WORK REQUEST:
Using the data below, transcribe exactly everything from the line that contains "The problem of" down to the line that contains "Sélectionnez le magasin". Include both of those lines and none of the pictures.

EXCERPTED DATA:
'''

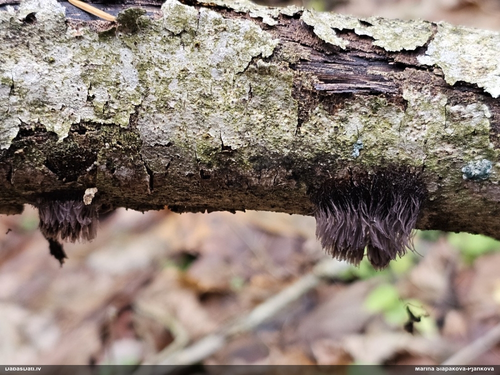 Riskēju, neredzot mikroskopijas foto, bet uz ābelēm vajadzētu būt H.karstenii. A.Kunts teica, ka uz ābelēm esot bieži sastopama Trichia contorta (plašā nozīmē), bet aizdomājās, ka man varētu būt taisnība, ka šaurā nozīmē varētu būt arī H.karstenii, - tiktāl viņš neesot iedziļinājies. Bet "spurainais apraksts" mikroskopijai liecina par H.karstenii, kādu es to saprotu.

'''
'''

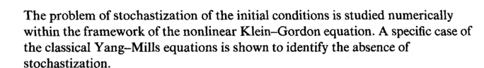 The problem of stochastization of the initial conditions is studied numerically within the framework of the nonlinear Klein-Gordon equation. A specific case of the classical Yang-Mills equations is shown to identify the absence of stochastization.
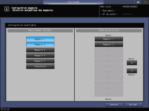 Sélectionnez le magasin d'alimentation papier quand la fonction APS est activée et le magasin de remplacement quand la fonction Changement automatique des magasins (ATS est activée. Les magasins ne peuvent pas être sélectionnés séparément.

'''

TASK SOLUTION:
 The problem of stochastization of the initial conditions is studied numerically within the framework of the nonlinear Klein-Gordon equation. A specific case of the classical Yang-Mills equations is shown to identify the absence of stochastization.
 Sélectionnez le magasin d'alimentation papier quand la fonction APS est activée et le magasin de remplacement quand la fonction Changement automatique des magasins (ATS est activée. Les magasins ne peuvent pas être sélectionnés séparément.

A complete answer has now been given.